El guardián de las orillas
Río Tomebamba
El Tomebamba no es solo un río, es una memoria líquida que corre atravesando la ciudad y la vida de quienes la habitan. Sus aguas parecen hablar, aunque nadie las entienda del todo. Hay quienes dicen que, si uno escucha con atención en silencio, puede oír los susurros de los que alguna vez se detuvieron en su orilla.
En sus riberas los niños aprendieron a ser libres. Piedras lanzadas en competencia, juegos improvisados, barquitos de papel que partían con la esperanza de llegar a un destino invisible.
Las madres llamaban desde las casas coloniales cercanas, y el eco de esas voces aún parece quedarse flotando entre los árboles que lo acompañan.
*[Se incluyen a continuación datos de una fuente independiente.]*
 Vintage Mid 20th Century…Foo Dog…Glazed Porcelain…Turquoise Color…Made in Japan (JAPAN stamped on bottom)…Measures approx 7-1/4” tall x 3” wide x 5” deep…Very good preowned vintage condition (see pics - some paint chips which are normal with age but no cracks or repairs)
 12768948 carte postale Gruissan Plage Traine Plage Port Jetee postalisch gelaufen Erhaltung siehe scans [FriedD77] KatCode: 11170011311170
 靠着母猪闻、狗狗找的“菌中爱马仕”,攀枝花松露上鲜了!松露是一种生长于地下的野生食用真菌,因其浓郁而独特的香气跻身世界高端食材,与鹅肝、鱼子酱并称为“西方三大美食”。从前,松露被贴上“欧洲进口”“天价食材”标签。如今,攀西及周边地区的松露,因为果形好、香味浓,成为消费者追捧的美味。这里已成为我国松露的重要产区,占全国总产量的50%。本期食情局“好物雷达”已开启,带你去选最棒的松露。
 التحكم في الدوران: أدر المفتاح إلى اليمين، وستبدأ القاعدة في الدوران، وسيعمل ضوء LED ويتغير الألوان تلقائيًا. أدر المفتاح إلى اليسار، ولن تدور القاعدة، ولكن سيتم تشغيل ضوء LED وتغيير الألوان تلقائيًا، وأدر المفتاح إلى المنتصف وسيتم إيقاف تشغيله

Los jóvenes encontraron aquí un refugio. Muchos primeros amores nacieron bajo el rumor constante del agua. Promesas de eternidad fueron dichas en voz baja, sabiendo que solo el río sería testigo. Y cuando esas promesas no se cumplieron, fue él quien las guardó en silencio, sin juzgar, como quien entiende que la vida también se rompe y vuelve a empezar.
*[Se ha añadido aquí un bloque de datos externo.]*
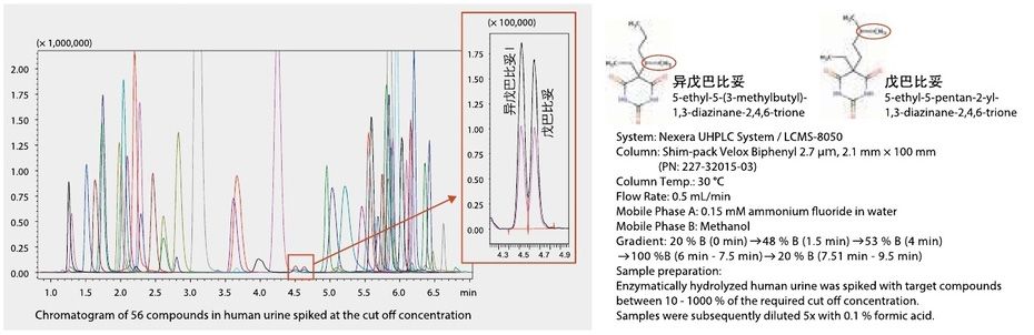 采用Shim-pack Velox Biphenyl 实心核颗粒色谱柱分析尿液?6种滥用药物及其代谢产物,分析时间10min,其中戊巴比妥和异戊巴比妥是一对同分异构体,在普通的反相C18色谱上比较难分离,而采用Shim-pack Velox Biphenyl色谱柱,能获得较好的基线分离、/span>
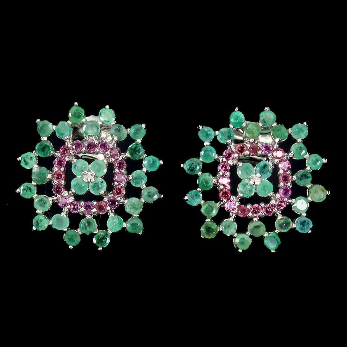 925 STERLING SILVER;PLATE-14K WHITE GOLD;MAIN STONE-EMERALD;OTHER GEMS-RHODOLITE GARNET;TOTAL WEIGHT-4.08 GRAM (TOTAL WEIGHT OF SILVER + STONE);DIMENSION-* STONE 1.5 TO 2.0 MM.* FACE EARRINGS 19.0 X 19.0 MM.;MAIN STONE SHAPE-ROUND; MAIN STONE COLOR-GREEN;TREATMENT-UNHEATED;ORIGIN-COLOMBIA;HARDNESS-7;
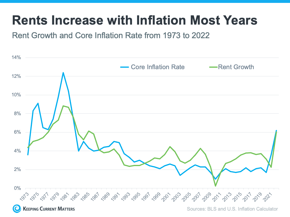 The alternative to homeownership is renting – and rents tend to move alongside inflation. That means as inflation goes up, your monthly rent payments tend to go up, too (see graph below):

Los ancianos, en cambio, caminan despacio por la orilla recordando tiempos que ya no están. Para ellos, cada piedra tiene una historia y cada corriente trae consigo un recuerdo. Algunos cuentan que, en noches de lluvia fuerte, el Tomebamba ruge como un abuelo que se niega a ser olvidado.
El río no se detiene. Puede ser manso o furioso, pero siempre sigue adelante. Como la ciudad misma, que ha sabido levantarse de incendios, inundaciones y olvidos, el Tomebamba fluye sin mirar atrás.
Es un recordatorio permanente de que la vida avanza, aun cuando creamos que estamos quietos.